Атомный проект. Жизнь за «железным занавесом»

Текст
Читать фрагмент
Отметить прочитанной
Как читать книгу после покупки
Шрифт:Меньше АаБольше Аа

Возвращение на улицу Панисперна[1]

Не могу скрыть свое глубокое волнение от того, что нахожусь здесь, на улице Панисперна, в месте, которое видело рождение школы Ферми, чтобы почтить память Эдоардо Амальди.

В XX веке, в котором царит специализация, скорее уникальной, чем редкой, была жизнь такого ученого, как Эдоардо Амальди, отличавшегося не только превосходными по качеству и количеству исследованиями, но и своим преподаванием физики в университете и в других местах, и наконец, своими качествами человека и большого организатора науки.

Разрешите мне рассказать вам подробно, как мы здесь пришли в 1934 г. к открытию замедления нейтронов.

По заданию Ферми Амальди провел серию семинаров на основе знаменитой книги Резерфорда о естественной радиоактивности, что было связано с решением превратить лабораторию, специализировавшуюся в оптической спектроскопии, в лабораторию по ядерной физике. Я многим обязан Эдоардо; в то время я работал по предложению Сегре, которому я тоже многим обязан, над одним явлением оптической спектроскопии, а именно над физикой так называемых «вздутых атомов», зародившейся в работах Ферми, Амальди и Сегре. Однако ядерная физика, над которой все уже начали работать, мне казалась гораздо интереснее, чем оптическая спектроскопия, поскольку последняя уже находилась на весьма продвинутой стадии развития и мне, новичку, было очень трудно ее осваивать. С другой стороны, можно утверждать, что было нетрудно следить за работами по ядерной физике, которые в институте только зарождались. Поэтому я был очень доволен, когда по возвращении после каникул в Рим мне предложили помогать другим в изучении радиоактивности, наведенной нейтронами и открытой Ферми несколько месяцев назад.

Эдоардо Амальди (1908—1989) – итальянский физик-экспериментатор. Член Академии деи Линчеи (1948), президент Академии в 1988—1989 гг. Член ряда академий наук и научных обществ, в том числе иностранный член Академии наук СССР (1958), Национальной академии наук США (1962), Лондонского королевского общества (1968)


Амальди и я получили задание заняться количественным изучением этого явления. С этой целью мы исследовали условия, в которых можно было сравнить интенсивности радиоактивности, наведенной нейтронами в различных веществах.
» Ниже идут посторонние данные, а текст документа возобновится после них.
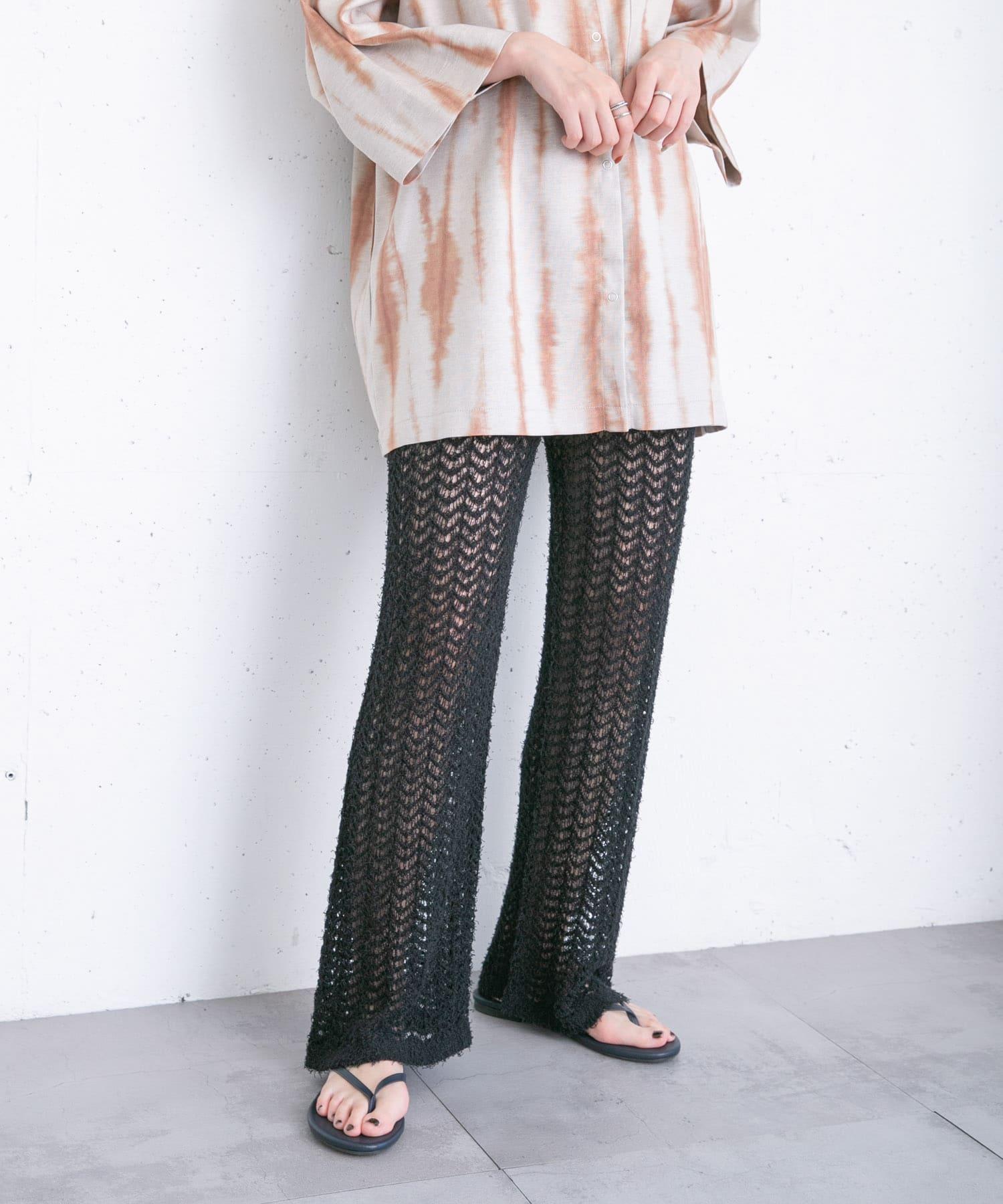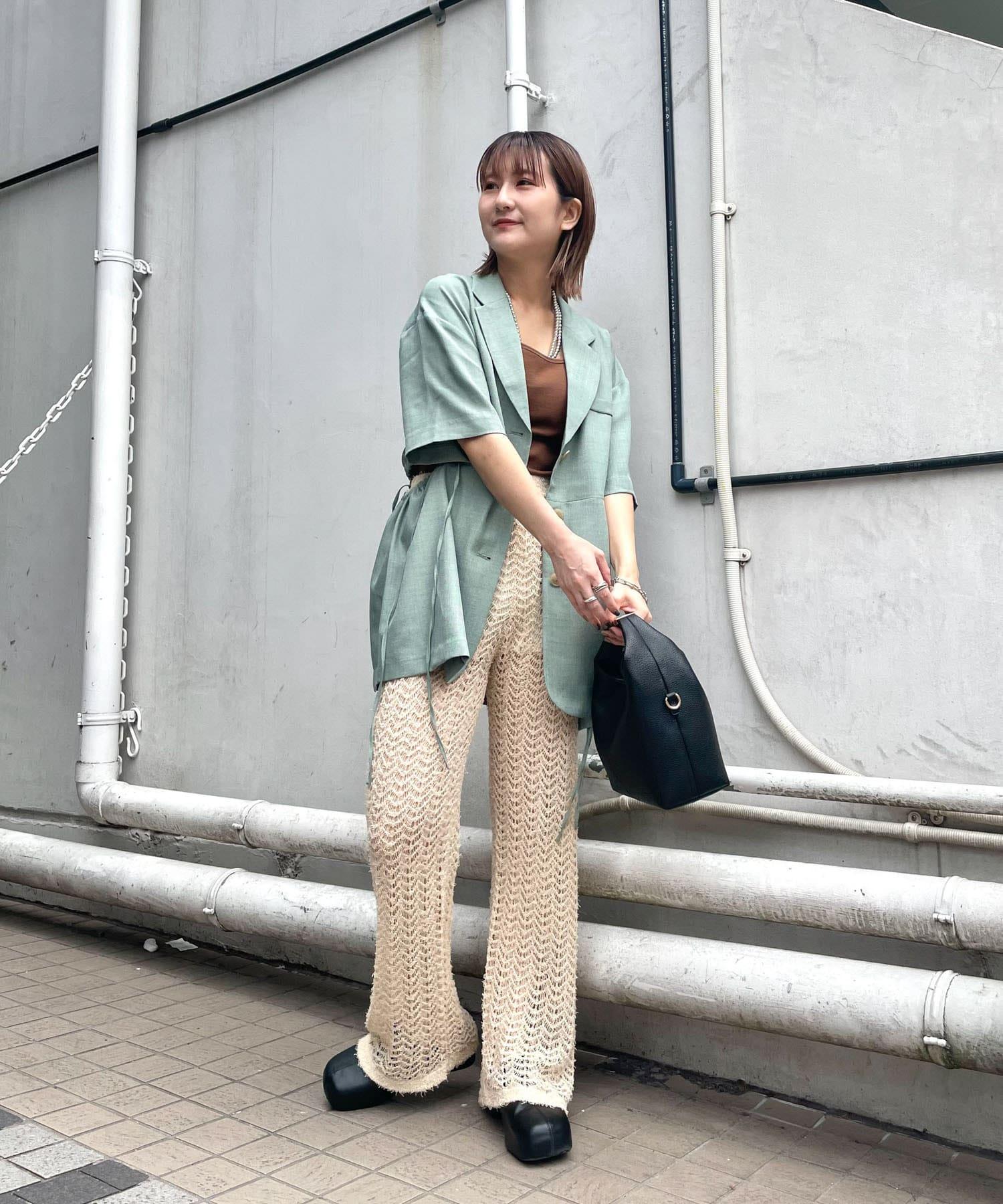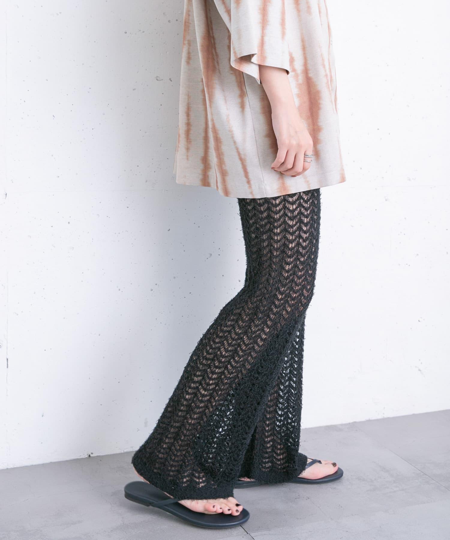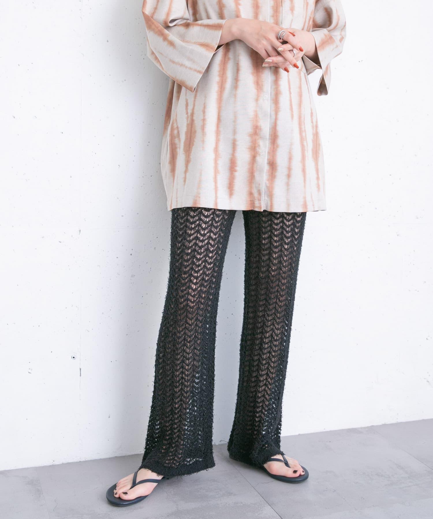 由於其通透性,建議與稍長的上衣、外衣和連衣裙搭配。尤其是長款連身裙,往往會以同樣的方式進行搭配,因此請盡情享受褲子帶來的變化。也有與裙子相同材質的款式(KB35-25J130)。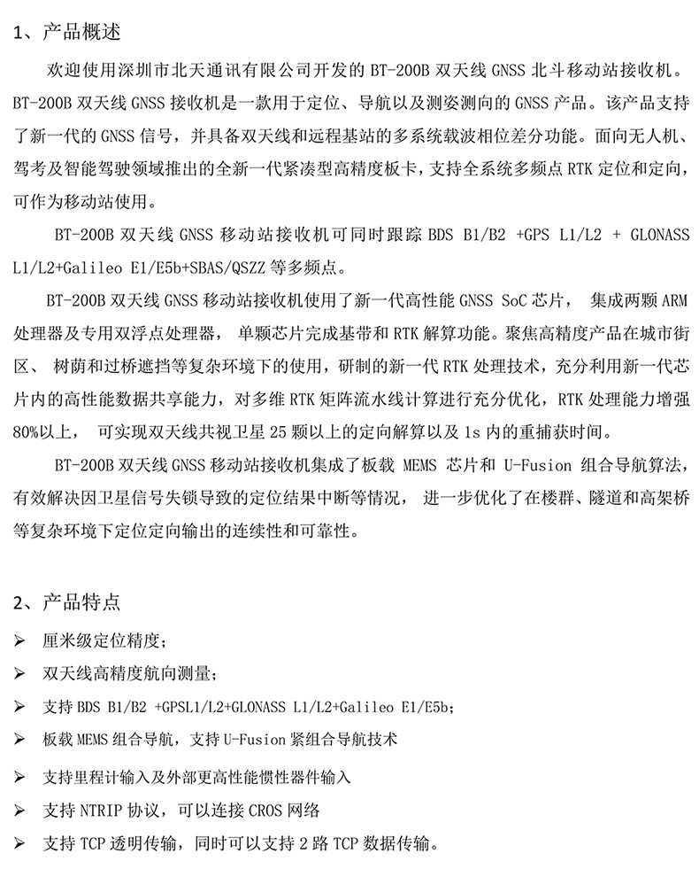 北天监测精密农业GNSS北斗双天线高精度RTK厘米级接收机BT-200B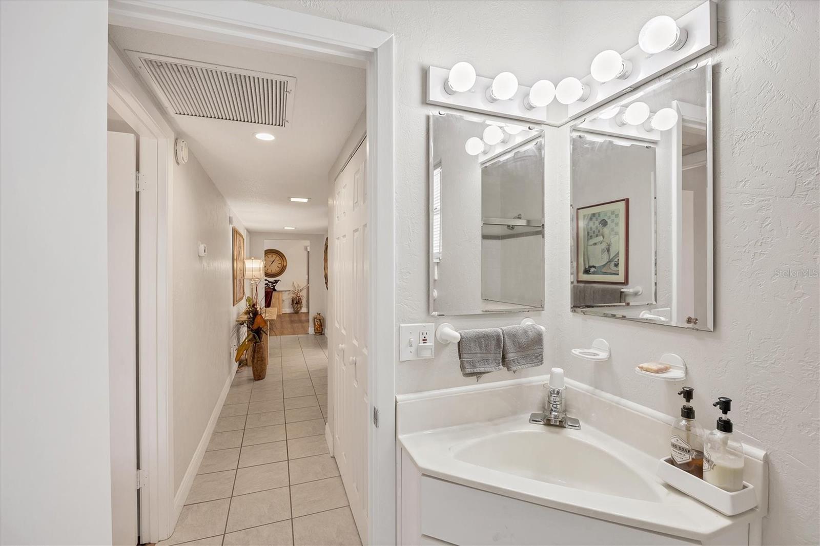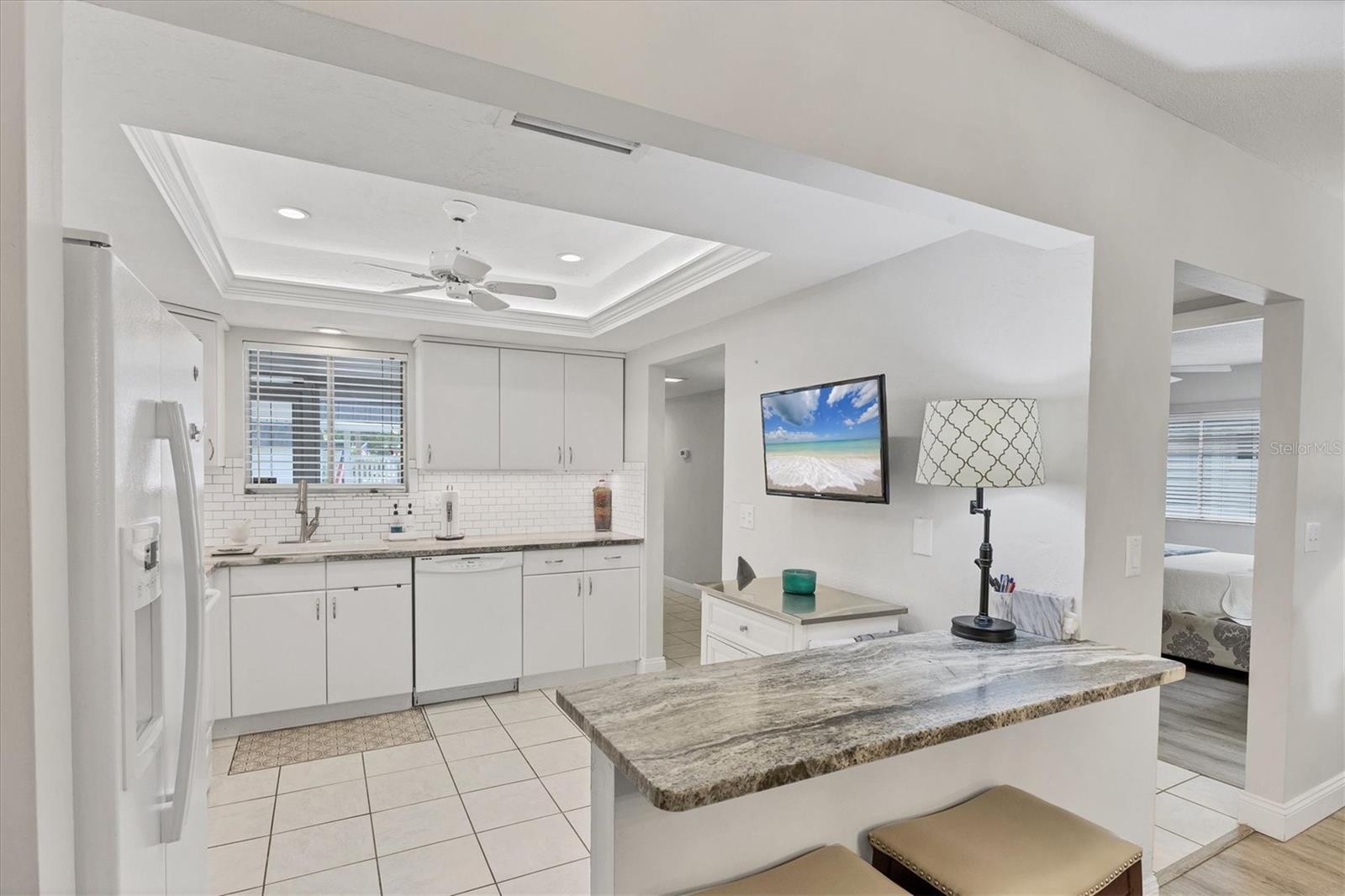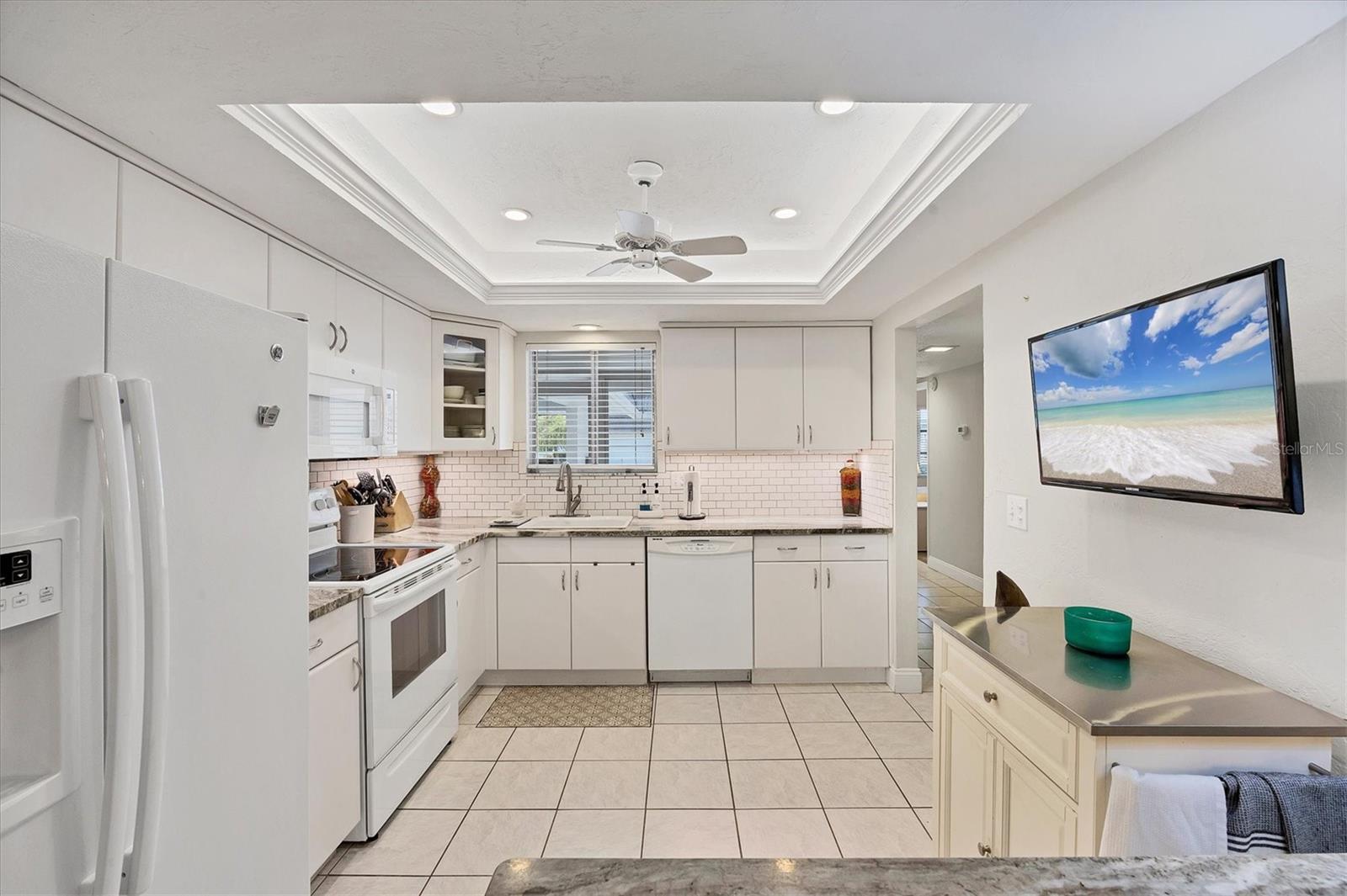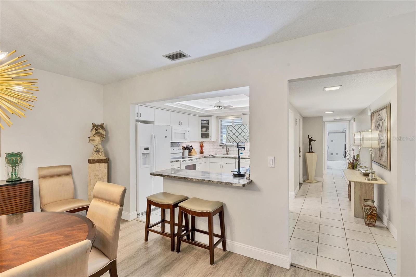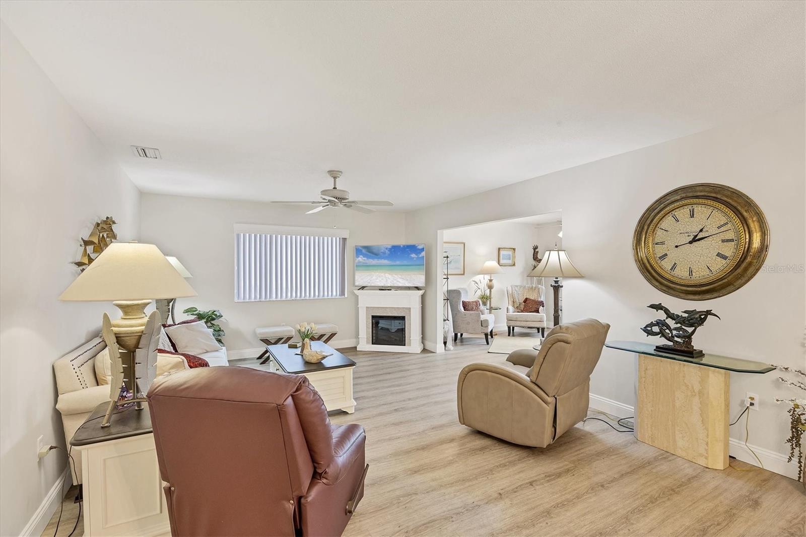LAKE VIEW & POOL VIEW Villa in Glen Oaks Ridge, a 55+ community located between UTC MALL and Downtown Sarasota. Check out this two bedroom, 2 bath one story (no stairs) 1350 square foot END UNIT villa with a dedicated den/study/office, a 12x12 four season FLORIDA ROOM and an attached one car PRIVATE carport AND private driveway PLUS an indoor, Laundry Room/Utility Room/Storage Area & Pantry! Most all of the flooring has been updated with LVF in recent years along with new baseboards, The kitchen was updated to include newer cabinetry that includes PULL OUT SHELVING, Granite counters, backsplash, updated lighting/ceiling fan, plus the kitchen was opened up to the dining room adding a breakfast bar. More updates include the Primary bedroom bathroom, Newer gutters, Brand new washer & dryer AND a NEW hot water tank. The Condo association previously replumbed the fresh water pipes and on 03/2025 owner had ALL plumbing valves replaced to washer/dishwasher/wash tub/commodes/vanities & kitchen sink. This villa has the "third nail" for better insurance rates. Enjoy the LAKE views & the FOUNTAIN in the LAKE and the POOL. $239,900.

Первым условием успеха было получение воспроизводимых результатов, хотя бы (при выполнении разных опытов) при использовании одного и того же вещества (которое мы называли детектором). Детектором служил цилиндр из серебра с тонкими стенками (период 2,3 минуты), который облучался нейтронами от источника (радон + бериллий). Мы заметили, что активность серебряного цилиндра воспроизводится плохо. Кроме того, даже в случае относительно большого расстояния между источником и детектором, расстояния, при котором мы ожидали интенсивность, близкую к нулю, интенсивность активности цилиндра оказывалась совсем не пренебрежимой; мы это окрестили «эффектом маленького замка», имея в виду сооружение из свинцовых кирпичей, в котором мы хранили источник для защиты от гамма-излучения. Амальди и я были уверены в существовании «эффекта маленького замка»; Разетти же со своей душой скептика считал, что мы сделали работу недостаточно чисто. Казалось, что Ферми это было не очень интересно, но, как мы впоследствии увидели, это было совсем не так. Было решено выполнить «чистый» опыт, в котором детектор и источник были расположены на расстоянии в несколько сантиметров друг от друга, и предусматривалось помещать между этими двумя предметами свинцовый поглотитель в форме клина. Этот поглотитель был сделан, но он никогда не был использован ни Ферми, ни другими. Никому ничего не говоря, Ферми приготовил поглотитель из парафина такой же формы, как и свинцовый, и измерил интенсивность от детектора с парафином и без него. Потом он нас всех позвал и сказал: «Как вы видите, парафин не уменьшает, а несколько увеличивает интенсивность от детектора. Раз малое количество парафина приводит к незначительному увеличению интенсивности от детектора, вместо ослабления, то посмотрим, что произойдет при большом количестве парафина». Мы собрали все куски парафина, которые были под рукой; сначала опыт был выполнен с парафином, потом с водой; результаты нас изумили. Интенсивность от детектора оказалась во много раз выше, чем та, к которой мы привыкли.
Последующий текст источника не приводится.